In view of that, we consider that the AUC of the ACCF¹ provides a framework to guide general cardiologists, clinicians, and echocardiographists for the judicious use of echocardiography. Nevertheless, it does not imply a “perfect use” or an “optimal outcome” in real world.^4,5 However, we estimate that this document is an outstanding report representing a cornerstone in current echocardiography practice that helps to restrict abuse, preserve resources, and improve clinical outcome.

Technical Competence

Competence in echocardiography is not only a technical component, it also requires appropriate knowledge, developed skills, and a positive attitude addressed to clinical benefit. It includes patient selection, study performance, interpretation and reporting, then trying to translate the whole process into better clinical outcome. The main mission statement of the European Association of Echocardiography (EAE)⁶ is “to promote excellence in clinical diagnosis, research, technical development, and education in cardiovascular ultrasound in Europe”. We consider that the content of this statement should reflect the mission of every national echocardiography society worldwide in order to yield international echocardiographic standards implemented in every healthcare institution. However, in addition to these recommendations, we estimate that personal effort and awareness, together with local administrative regulations, are essential to ensure professional standards and ongoing competence in echocardiography.

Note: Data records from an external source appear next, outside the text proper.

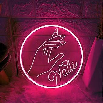 Nails Neon Sign Nail Salon LED Neon Light Sign For Beauty Wall Mounted 3D Carving With Dimmable Switch 35x35cm
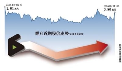 当地时间2月1日,酷6股价报收0.86美元,较前一个交易日上涨22.86%,仍然低于所要求的1美元红线。自2015年7月之后,酷6的股价就再也未能超过1美元。(记者刘夏)
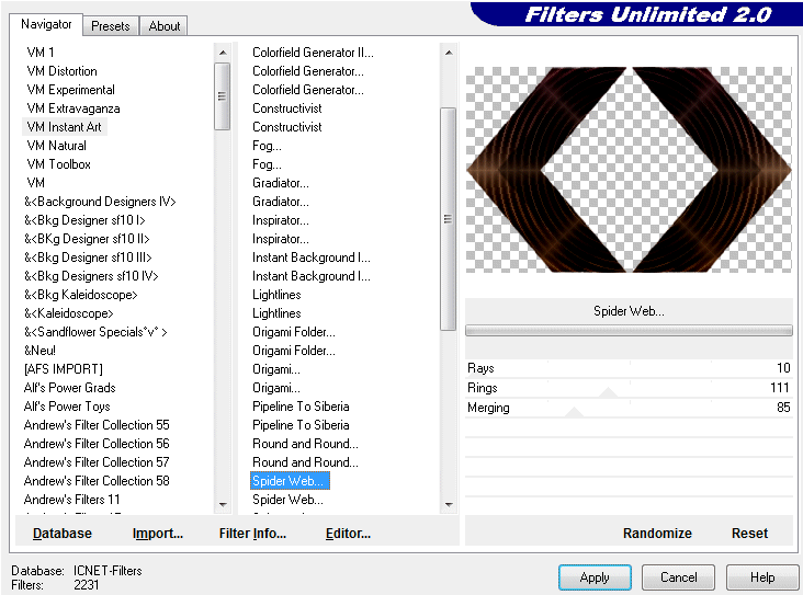 13 - Na mesma layer aplique o plugin VM Instant Art > Spider Web nas configurações:
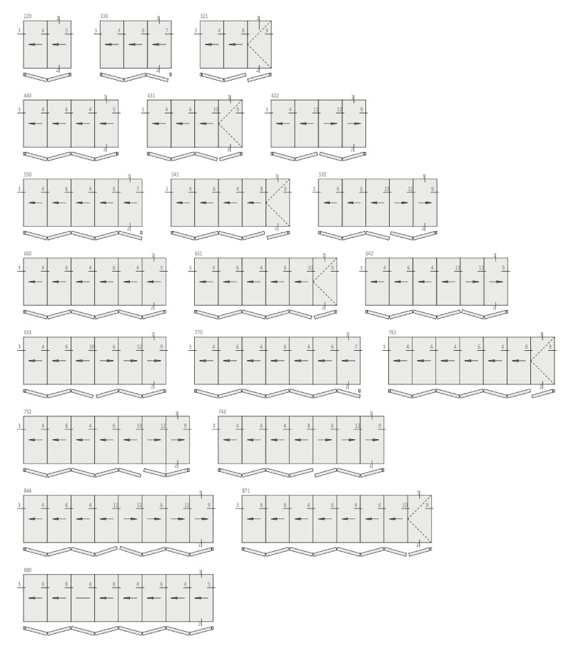 Το άνοιγμα του κουφώματος είναι απόλυτο. Όταν το κούφωμα είναι ανοιχτό εξαφανίζεται: τα φύλλα διπλώνουν αφήνοντας το μέγιστο άνοιγμα προς τα έξω. Αλλά μπορείτε να αποφασίσετε να ανοίξετε και να κλείσετε το σύστημα έστω και μερικώς, επιλέγοντας τον αριθμό των φύλλων που θα επεκταθούν ή θα διπλωθούν προς τα πίσω.

Basic Training and Professional Standards

A basic training aims to acquire the fundamentals of ultrasound principles and sonoanatomy of the heart, including both theoretical and practical elements. Diagnostic medical ultrasonography in humans utilizes transducers of 1 to 20 MHz that generate ultrasound waves described in terms of frequency (Hz), wave length (mm), amplitude (decibels) and velocity (m/sec). TTE performance characteristically uses parasternal short and long axis together with apical views; it is typically useful for assessment of chambers dimensions, ventricular systolic and diastolic function, myocardial thickness, aortic root size, pulmonary artery pressure, pericardium and valvular morphology and function. In addition, sonographers may acquire specific expertise in echo approaches and applications (ie, transesophageal echocardiography, contrast echocardiography, pediatric echocardiography, echocardiography in congenital heart disease, stress echocardiography, intracardiac echocardiography). Moreover, according to the availability of equipment and competencies, operators may use advanced echocardiographic modalities (ie, three-dimensional mode, strain and speckle tracking imaging, tissue characterization, etc.).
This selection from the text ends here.